Starting at the line with "Open afbeelding in" and ending at the line with "ファンタジー風あだ名 | 『トモディッシュ』『ゼトモトゥ』 |", print exactly the lines of the entries below. Pictures do not belong in the copy.

** INPUT DATA follows **

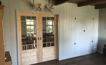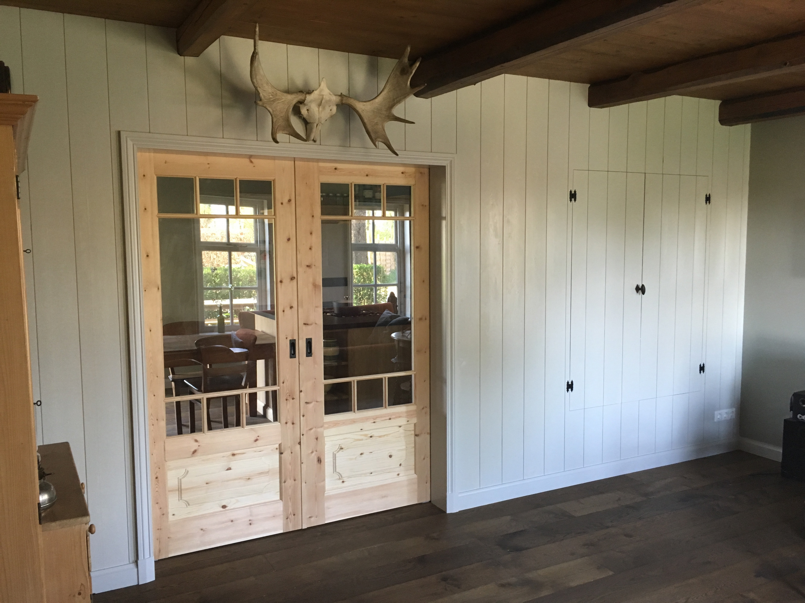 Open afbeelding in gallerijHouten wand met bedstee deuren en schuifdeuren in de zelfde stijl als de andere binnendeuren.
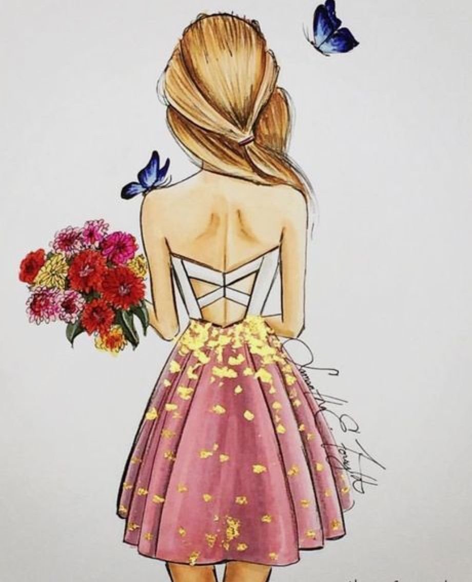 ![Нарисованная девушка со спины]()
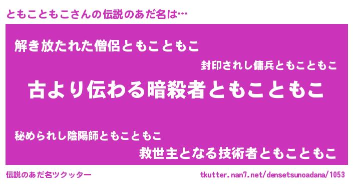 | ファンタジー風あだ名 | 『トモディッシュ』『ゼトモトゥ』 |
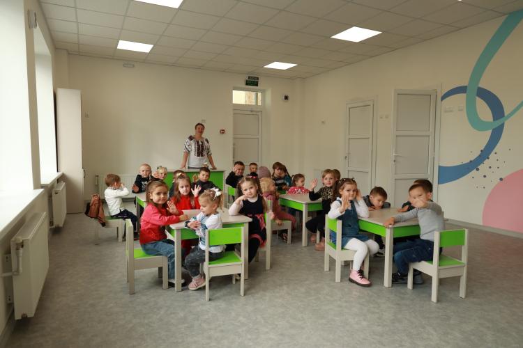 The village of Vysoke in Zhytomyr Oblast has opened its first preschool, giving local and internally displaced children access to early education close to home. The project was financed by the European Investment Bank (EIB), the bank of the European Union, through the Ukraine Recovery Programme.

** End of INPUT DATA **
** INPUT DATA follows **

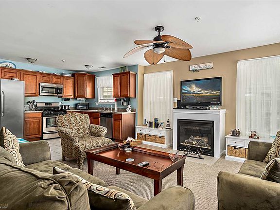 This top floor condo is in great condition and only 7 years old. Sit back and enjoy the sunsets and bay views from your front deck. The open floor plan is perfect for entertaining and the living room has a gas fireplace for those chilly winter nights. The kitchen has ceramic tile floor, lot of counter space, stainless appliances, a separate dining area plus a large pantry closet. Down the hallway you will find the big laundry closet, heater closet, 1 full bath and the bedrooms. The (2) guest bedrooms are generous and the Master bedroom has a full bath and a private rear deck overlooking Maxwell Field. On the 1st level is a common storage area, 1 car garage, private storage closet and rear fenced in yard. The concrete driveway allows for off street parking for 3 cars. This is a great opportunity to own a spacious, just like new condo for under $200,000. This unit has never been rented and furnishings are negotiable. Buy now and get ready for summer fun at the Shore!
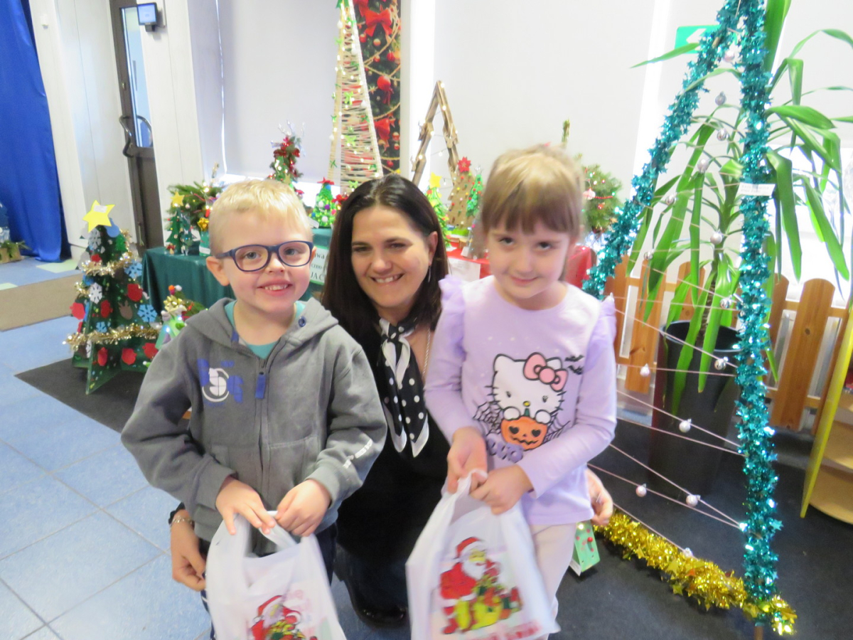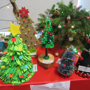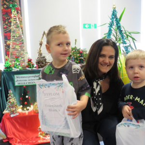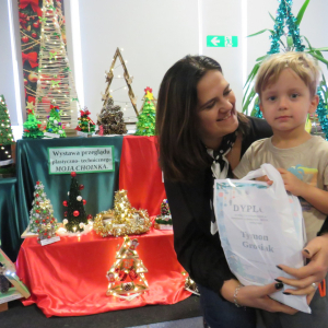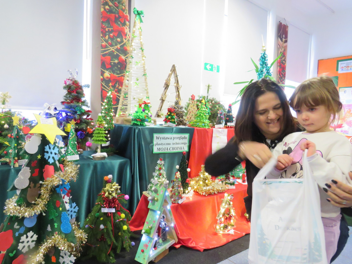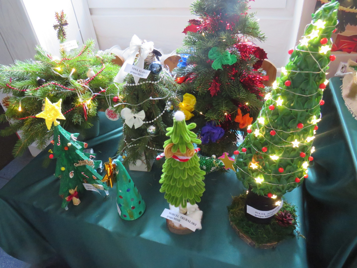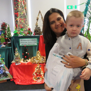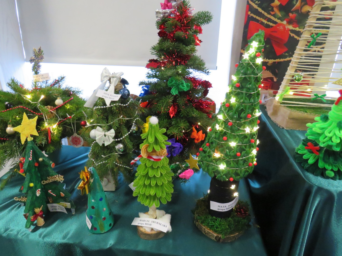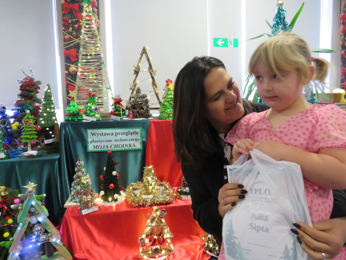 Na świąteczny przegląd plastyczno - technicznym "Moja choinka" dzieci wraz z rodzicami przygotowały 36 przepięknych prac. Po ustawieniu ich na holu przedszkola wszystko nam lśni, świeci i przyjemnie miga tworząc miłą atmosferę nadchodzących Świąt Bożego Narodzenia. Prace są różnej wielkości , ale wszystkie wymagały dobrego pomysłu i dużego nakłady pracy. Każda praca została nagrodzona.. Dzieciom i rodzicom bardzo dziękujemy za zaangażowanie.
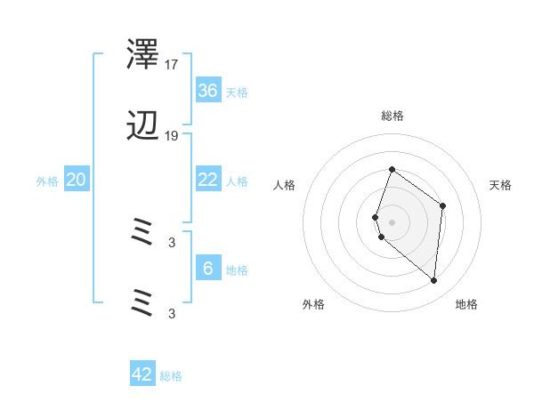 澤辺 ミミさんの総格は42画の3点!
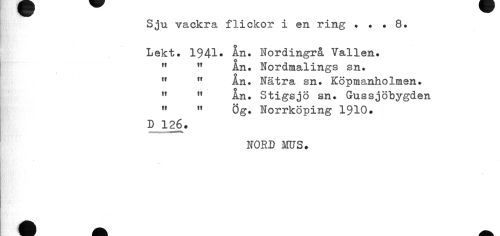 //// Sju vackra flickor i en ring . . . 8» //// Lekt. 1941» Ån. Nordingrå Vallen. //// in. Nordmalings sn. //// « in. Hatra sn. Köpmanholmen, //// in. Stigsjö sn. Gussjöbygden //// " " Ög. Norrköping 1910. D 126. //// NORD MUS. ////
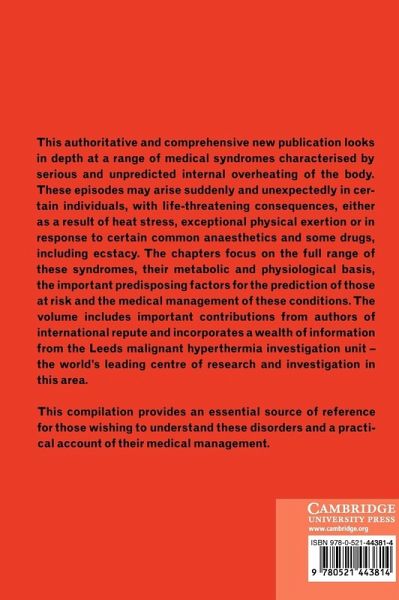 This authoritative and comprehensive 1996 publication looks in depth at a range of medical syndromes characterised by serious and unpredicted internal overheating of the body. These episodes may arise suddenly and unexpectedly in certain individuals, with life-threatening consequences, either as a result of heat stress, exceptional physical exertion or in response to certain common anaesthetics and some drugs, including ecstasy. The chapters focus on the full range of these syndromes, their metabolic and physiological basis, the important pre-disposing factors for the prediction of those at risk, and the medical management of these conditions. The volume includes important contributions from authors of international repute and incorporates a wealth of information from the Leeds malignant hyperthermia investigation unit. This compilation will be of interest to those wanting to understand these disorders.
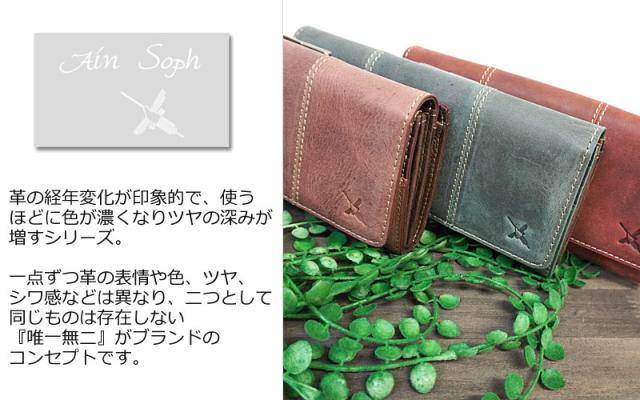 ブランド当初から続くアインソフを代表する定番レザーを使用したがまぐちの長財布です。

** End of INPUT DATA **

#### [RESPONSE TO THE EXERCISE]
 Open afbeelding in gallerijHouten wand met bedstee deuren en schuifdeuren in de zelfde stijl als de andere binnendeuren.
 ![Нарисованная девушка со спины]()
 | ファンタジー風あだ名 | 『トモディッシュ』『ゼトモトゥ』 |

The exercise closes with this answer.